Sep 19, 2017 - Sale 2454

Sale 2454 - Lot 618

Price Realized: $ 40,000
?Final Price Realized includes Buyer’s Premium added to Hammer Price
Estimate: $ 20,000 - $ 30,000
MAURITS C. ESCHER
Day and Night.

Color woodcut printed in black and gray on tissue-thin laid Japan paper, 1935. 391x677 mm; 15 3/8x26 5/8 inches, full margins. Signed and inscribed "eigendruk" in pencil, lower margin. A superb impression.

Escher (1898-1972) was born in the Netherlands and studied at the School of Architecture and Decorative Arts in Haarlem. Despite his father, who was an engineer, encouraging him to pursue architecture, Escher chose to focus his education on graphic art. Between 1924 and 1935, having completed his studies and married Jetta Umiker, Escher lived in Rome and traveled throughout Italy where he was inspired to create many of his most iconic works. Working concurrently with, but outside of, the myriad avant-garde art circles of the 1920s and 1930s, Escher maintained an independent style rooted in architectural and mathematical riddles. Though his unique work led to popular acclaim, Escher's oeuvre was not immediately accepted in the art world. He was awarded his first retrospective in his native Netherlands only at the age of 70. Today, however, his images are some of the most widely-reproduced of his time.

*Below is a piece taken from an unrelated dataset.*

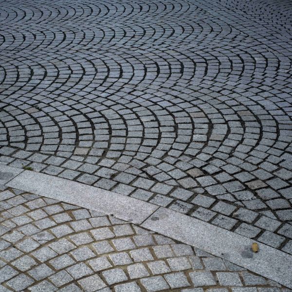 La particularité de ce chantier réside dans la pose de pavés en queue-de-paon avec joints émulsion. Les équipes de pose ont une réelle expertise dans ce domaine.

Escher was first and foremost a printmaker, creating hundreds of lithographs and woodcuts over the course of his career. He experimented with fantastically impossible architectural renderings and tessellations after a 1922 visit to the sprawling Moorish palace La Alhambra in Granada, Spain. Escher wrote of the interest, "It remains an extremely absorbing activity, a real mania to which I have become addicted, and from which I sometimes find it hard to tear myself away." Utilizing mainly black, white and grays, Escher emphasized the geometric components of his prints. Day and Night is one of Escher's master woodcuts in which he executes tessellations, curvilinear perspective and illusive composition, a "bird's-eye" view of a panoramic "yin and yang" river landscape. A superb impression. Bool 303.